The human-drosophila contrast, however instructive it has been for molecular evolutionary research, is a comparison between just two species, out of the millions of existing animals. It is unclear whether the same picture would have been reached if a distinct vertebrate and a distinct invertebrate species had been sampled. Population genomic statistics in D. simulans were found to be essentially similar to those of D. melanogaster [15], and the central chimpanzee (Pan troglodytes), although genetically more diverse than H. sapiens, showed genomic patterns consistent with a relatively low-Ne species [16]. These are knowledgeable corroborations, but from species very closely related to D. melanogaster or H. sapiens.

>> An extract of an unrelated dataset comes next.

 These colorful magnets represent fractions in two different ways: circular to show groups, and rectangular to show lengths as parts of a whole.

A very high amount of synonymous diversity and a very low πN/πS ratio were reported in the tunicate Ciona intestinalis B [17]. This was interpreted as reflecting both a high mutation rate and large population size in this marine invertebrate species. Based on a small number of markers but many species, it was found that the average nuclear genetic diversity is higher in invertebrates than in vertebrates, and in marine than in terrestrial species [18], even though the difference is lower than expected from the neutral theory [19]. The influence of Ne was also invoked to explain the variations in non-synonymous to synonymous substitution rate between species of mammals [20], [21], and between populations of mice [22] and sunflower [23].

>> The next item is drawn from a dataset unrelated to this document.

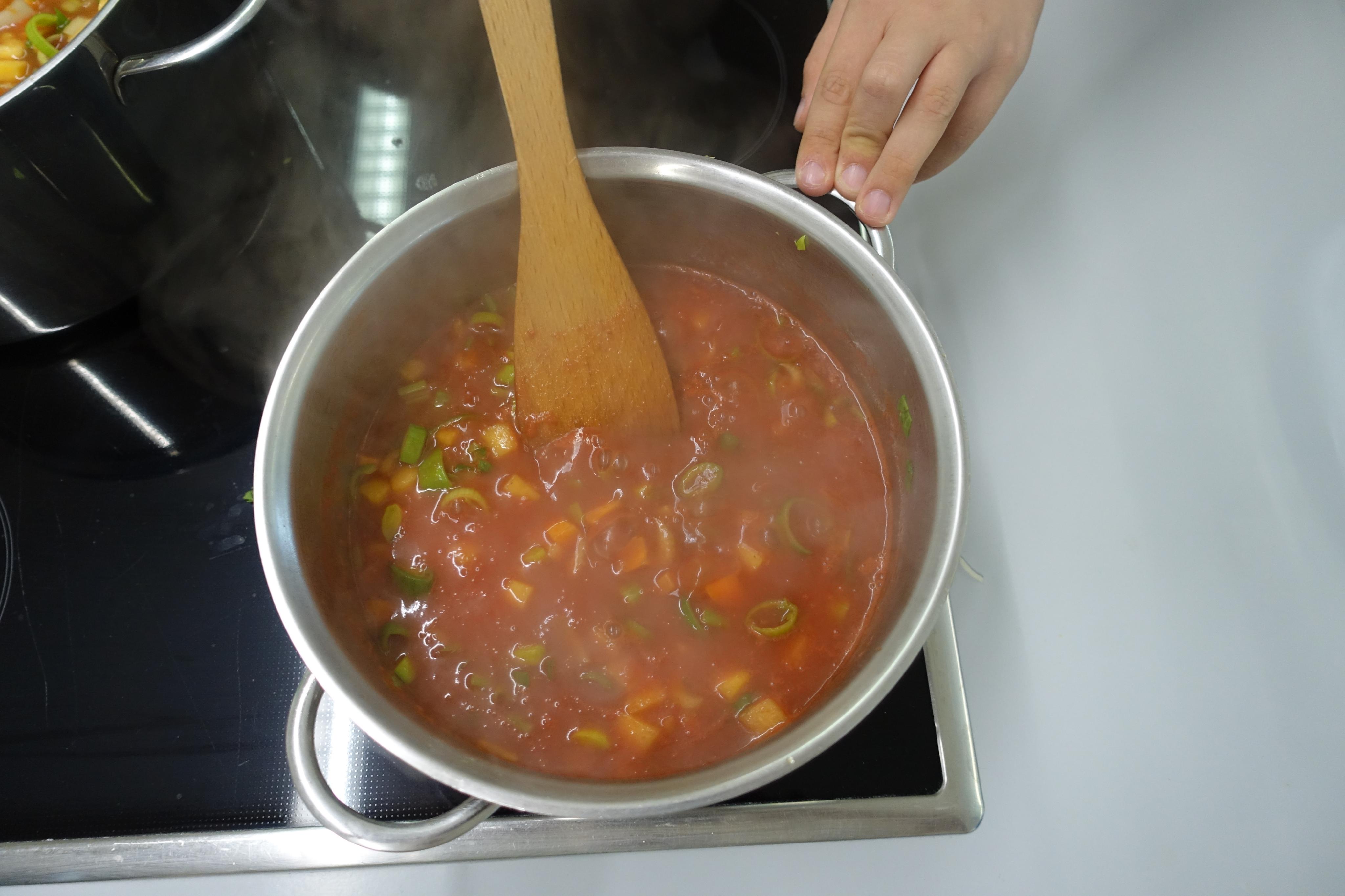 Die Ribollita brodelt im Topf – eine traditionelle Restesuppe aus Italien, zubereitet von den Schüler*innen der 3c.

A recent population genomic study of the European rabbit (Oryctolagus cuniculus), however, revealed large amounts of genetic diversity, and a πN/πS ratio similar to those measured in Drosophila [24]. Although perhaps abundant, rabbits, being vertebrates, are among the 5% largest living animal species. Observing a very low πN/πS ratio in this species is somehow surprising according to the population size hypothesis, knowing that density and body mass tend to be negatively correlated across species (e.g. [25]). Still in mammals, relatively high levels of genomic polymorphism in endangered primate species were recently reported [26], again questioning the link between current abundance and population genomic patterns. It should be noted that what matters regarding molecular evolution is the long-term Ne, averaged over thousands to millions of generations. It is therefore perhaps not so surprising that the Ne effect in mammals is not correctly predicted by species conservation status, as discussed in reference [26]. At any rate, the sample of metazoan species for which population genomic data are available is still quite small, and highly biased towards mammals. Genome-wide studies of additional species from various phyla appear needed to confirm or infirm the role of Ne in animal molecular evolution, and to explore variations of within-species genomic diversity across the phylogenetic and ecological dimensions.
Next-Generation Sequencing (NGS) technologies potentially offer the opportunity to gather population genomic data in non-model organisms, in the absence of prior knowledge, at affordable cost. Genomes in animals can be large, highly repetitive and, consequently, difficult to assemble. The transcriptome appears as a valuable alternative target [26]. Transcriptomics gives access to large numbers of genes at relatively low cost, plus information about gene expression levels [27]–[29], with potential applications for SNP discovery and speciation genomics [30]–[32]. However, unlike PCR-based techniques, NGS does not return alleles or genotypes at well-defined loci, but rather large amounts of mixed, noisy, anonymous sequence reads. Extracting proper population genetic information from such data is a challenge, both conceptually and computationally. Starting from raw NGS transcriptomic data, one must assemble predicted cDNA, map reads, call single nucleotide polymorphisms (SNPs) and genotypes, and calculate population genetics statistics. Each of these steps requires appropriate methods and data-cleaning strategies to cope with paralogous gene copies, unequal expression level across genes, alternative splicing, transcription errors, sequencing errors and missing data, among other problems. Obviously, the whole task is especially difficult in the absence of a well-assembled reference genome.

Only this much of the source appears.